# Schrift ?!



## Dark_Fighter (31. Oktober 2004)

Ich habe ein Wallpaper gemacht, jedoch bekomme ich einfach keine gute Schrift hin, also die man darauf gut erkennt. Hab mal einen Ausschnitt angehängt. Habt ihr eine Idee ?


----------



## Philip Kurz (31. Oktober 2004)

Ein dezenter, dunkler "Schein nach außen" (mit Photoshop) wirkt manchmal Wunder.
Vielleicht könntest du auch einfach mal deinen Schriftzug einfügen und wir geben dir
dann Verbesserungsvorschläge


----------



## Dark_Fighter (31. Oktober 2004)

Wallpaper 
Ich finde so ist es etwas zu stark. Oder ?


----------



## Dark_Fighter (31. Oktober 2004)

Ideen wir man das Wallpaper sonst noch aufpeppen könnte sind auch erwünscht.


----------



## ShadowMan (1. November 2004)

Doppelposts sind im Gegensatz dazu nicht erwünscht 

Was mir noch einfallen würde wäre ein grauer durchsichtiger Balken hinter der Schrift um diese noch etwas hervor zu heben.

Lieben Gruß,
Manuel ;-]


----------



## X-trOn (2. November 2004)

Jap durchsichtige balken sind eine gute idee, ich würd aber gleich zwei versetzte oder einen mit aussparungen machen.

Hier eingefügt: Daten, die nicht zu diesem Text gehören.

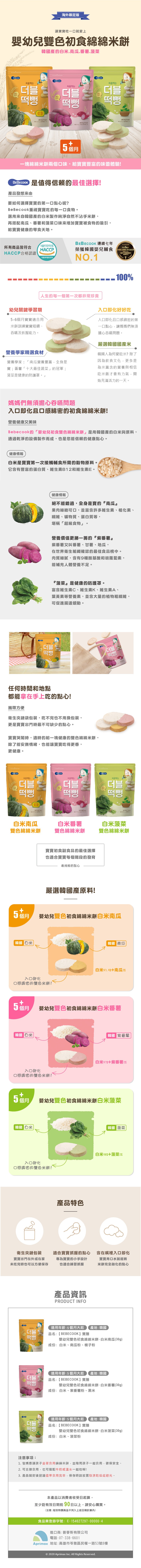 【BEBECOOK】寶膳 嬰幼兒雙色初食綿綿米餅-白米菠菜(30g)

Probiers mal aus, ansonsten is es ganz net

Greatz
X-trOn


----------



## Dark_Fighter (2. November 2004)

http://home.arcor.de/d4rkf1ght3r/images/lan_wallpaper_neu.jpg
Habe jetzt noch nicht so viel geändert wollte mal wissen wie ihr es so findet. Ist halt etwas dezenter. Ich konnte den Balken nicht weiss machen weil sonst hätte man das "crew" nicht mehr lesen können.


----------



## X-trOn (8. November 2004)

Sieht doch schon ganz net aus. ich persönlich würd den relieff effekt am Balken in der mitte weglassen, sieht moderner aus, und die Schwarze Balken oben und unten sind ein bisschen hart, aber ansonsten ganz gut

Greatz
X-trOn


----------